PYTHUSA is built around typed streams of fixed-shape NumPy frames. You declare a pipeline DAG, map task parameters to streams or events, and let the runtime compile that declaration into one process per task with shared-memory transport underneath.

PYTHUSA started as backend infrastructure for DSP processing work on the UCI Rocket Project Liquids team and was later extracted into its own library once the shared-memory runtime proved useful more broadly.

Documentation

Showcase Demos -- FFT pipeline hitting ~73 Gbit/s across 49 signals and a market microstructure replay desk pushing ~50 Gbit/s across 8 symbols with live quant analytics. No C extensions. Performance numbers, architecture diagrams, and run commands.

Core Ideas

Streams

Streams move fixed-shape, fixed-dtype NumPy frames between tasks. At compile time, a stream becomes a shared-memory ring buffer sized in bytes.

Tasks

Tasks are normal Python callables. Today, one registered task maps to one worker process.

Events

Events are process-shared control primitives used to gate or trigger work. Use them when a task should react to a signal instead of running unconditionally.

Install

PYTHUSA supports Python 3.12, 3.13, and 3.14.

Install From PyPI

python -m pip install pythusa

Optional extras from PyPI:

python -m pip install "pythusa[test]"
python -m pip install "pythusa[examples]"
python -m pip install "pythusa[benchmarks]"

Install From Source

macOS / Linux

python3 -m venv .venv
source .venv/bin/activate
python -m pip install -e .

Windows PowerShell

py -3 -m venv .venv
.venv\Scripts\Activate.ps1
python -m pip install -e .

Optional extras:

python -m pip install -e ".[test]"
python -m pip install -e ".[examples]"
python -m pip install -e ".[benchmarks]"

Quick Example

from __future__ import annotations

import time
import numpy as np
import pythusa

FRAME = np.arange(8, dtype=np.float32)


def source(samples) -> None:
    samples.write(FRAME)


def scale(samples, doubled) -> None:
    while True:
        frame = samples.read()
        if frame is None:
            time.sleep(0.001)
            continue
        doubled.write((frame * 2.0).astype(np.float32, copy=False))
        return


def sink(doubled) -> None:
    while True:
        frame = doubled.read()
        if frame is None:
            time.sleep(0.001)
            continue
        print(frame)
        return


def main() -> None:
    with pythusa.Pipeline("demo") as pipe:
        pipe.add_stream("samples", shape=(8,), dtype=np.float32)
        pipe.add_stream("doubled", shape=(8,), dtype=np.float32)

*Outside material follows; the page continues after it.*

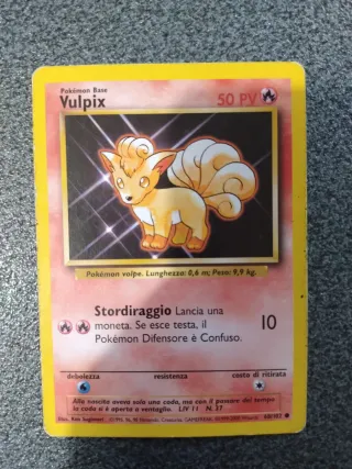 Carta Pokémon Base Vulpix con 50 PV. - Pokémon volpe. - Lunghezza: 0,6 m. - Peso: 9,9 kg. - Attacco: Stordiraggio. - Costo di ritirata: 10. - Debolezza: Acqua. - Livello: 11. - Numero carta: 68/102.

        pipe.add_task("source", fn=source, writes={"samples": "samples"})
        pipe.add_task(
            "scale",
            fn=scale,
            reads={"samples": "samples"},
            writes={"doubled": "doubled"},
        )
        pipe.add_task("sink", fn=sink, reads={"doubled": "doubled"})

        pipe.run()


if __name__ == "__main__":
    main()

In reads, writes, and events, the keys are the task's local parameter names and the values are the registered stream or event names.

On Windows and other spawn-based multiprocessing environments, keep pipe.start() and pipe.run() inside a main() guarded by if __name__ == "__main__":.

Public API

pythusa.Pipeline: high-level DAG builder and lifecycle owner for shared-memory multiprocess pipelines.
pipe.add_stream(name, shape, dtype, frames=32, cache_align=True, min_reader_pos_refresh_interval=64, min_reader_pos_refresh_s=0.005): declare a framed stream, optionally set ring capacity in frames, and tune how often writers rescan slow-reader state.
pipe.add_task(...): bind task parameters to readers, writers, and events. Use pipe.add_task.toggleable(...), pipe.add_task.switchable(...), or pipe.add_task.terminator(...) for special task forms.
pipe.start_monitor() and pipe.metrics(): collect CPU, RSS, nice, and ring-pressure snapshots for running tasks.
pipe.save(path) and pythusa.Pipeline.reconstruct(path): persist or restore pipeline declarations as TOML. Saved task callables must be importable top-level functions.
pythusa.Manager, pythusa.RingSpec, pythusa.TaskSpec, pythusa.get_reader, pythusa.get_writer, and pythusa.get_event: lower-level primitives for users who want direct ring and worker control, including direct access to the same min-reader refresh controls.

What To Read Next

Read Under the Hood for a guided walkthrough of the hot path -- the code behind 73 Gbit/s.
Read Pipeline API for the high-level programming model.
Read Runtime if you need to understand ring buffers, task bootstrap, or raw ring access.
Read Benchmarks if you want to compare throughput and latency modes.

Showcase Demos

All benchmark numbers below were recorded on a MacBook Air M2.

FFT Pipeline Demo

A multi-channel FFT pipeline that streams synthetic sensor data through shared-memory ring buffers into parallel FFT workers. Scales from ~21 Gbit/s with 2 generators to ~73 Gbit/s sustained and ~140k FFT/s across 49 signals with 7 generators.

Stock Quant Demo

A simulated L3 market microstructure replay desk pushing ~50 Gbit/s aggregate market data throughput across 8 symbols with 9 live quant metrics per symbol, end-to-end latency tracking, and speedup against a serial baseline.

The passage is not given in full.